Your objective ::
Copy out all of the lines below exactly; the pictures do not belong in the copy.

Supplied information ::
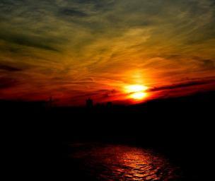 Keywords: sunset sun sky cloud water red lake port in the evening shadows
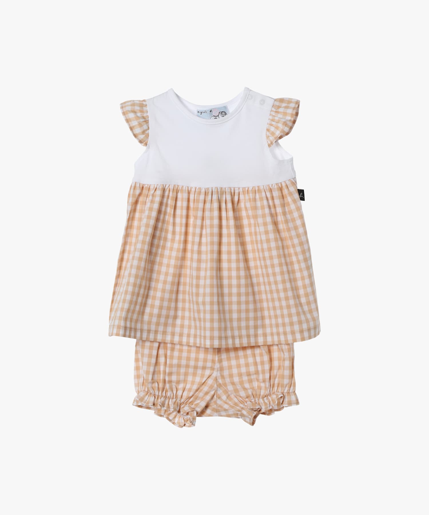 フリルがかわいらしいギンガムチェックのワンピースとブルマのセットアップ。
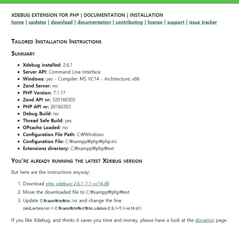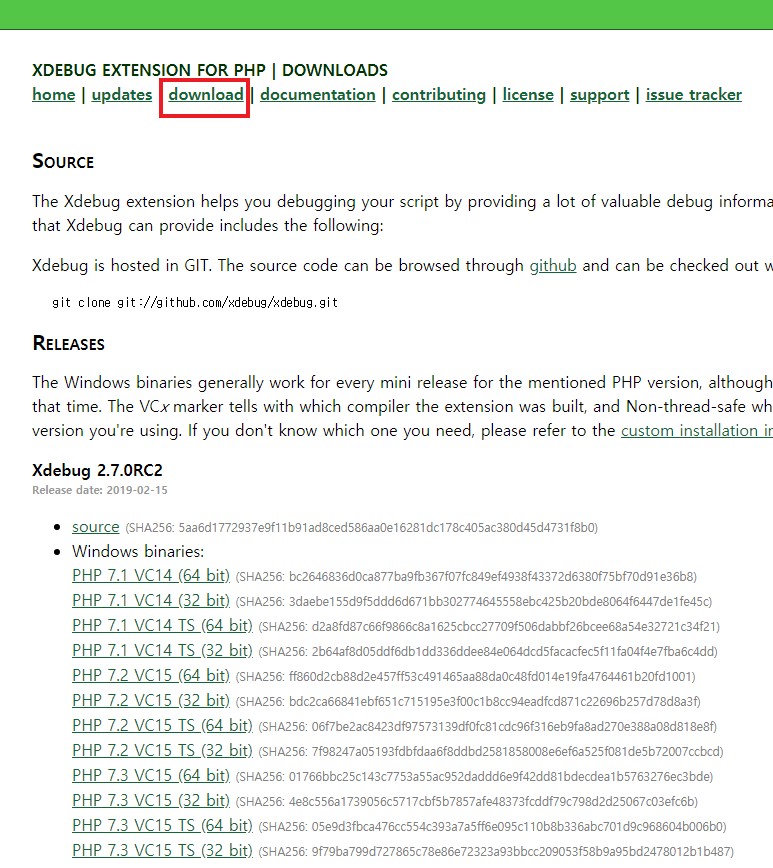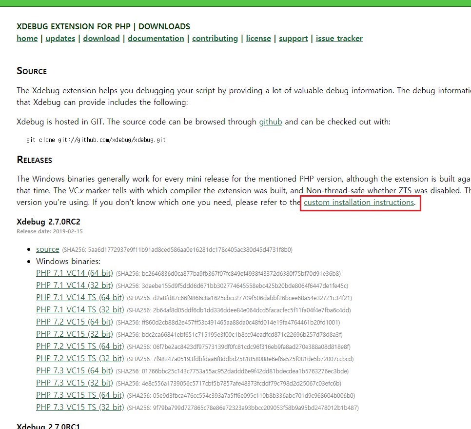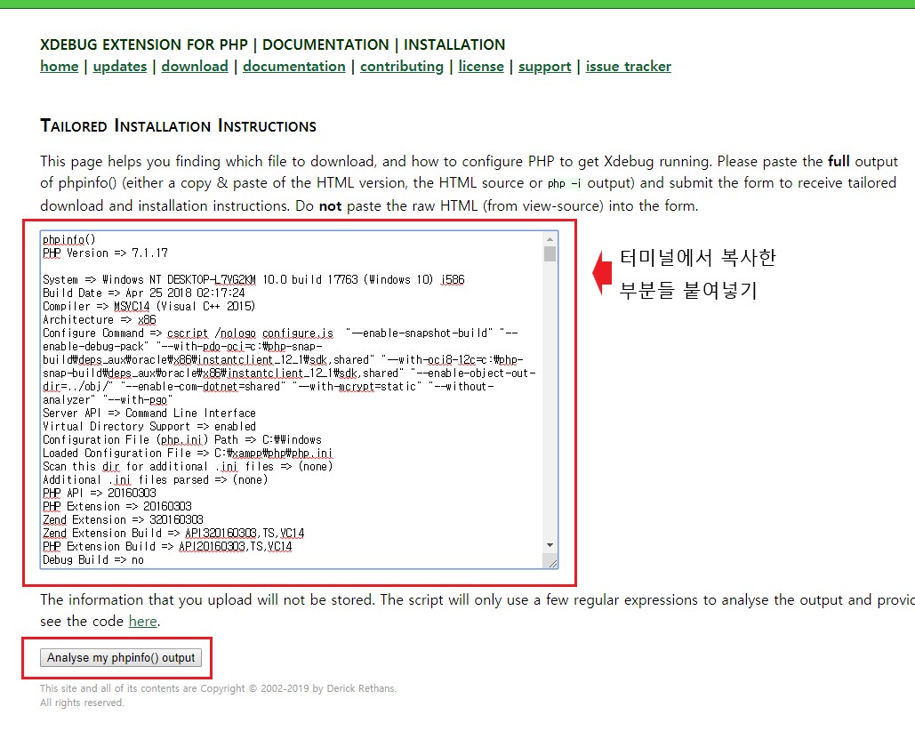 - 다시 xdebug 사이트로 돌아와서 아래의 사진에 네모표시부분을 눌러주세요.

Written response ::
 Keywords: sunset sun sky cloud water red lake port in the evening shadows
 フリルがかわいらしいギンガムチェックのワンピースとブルマのセットアップ。
 - 다시 xdebug 사이트로 돌아와서 아래의 사진에 네모표시부분을 눌러주세요.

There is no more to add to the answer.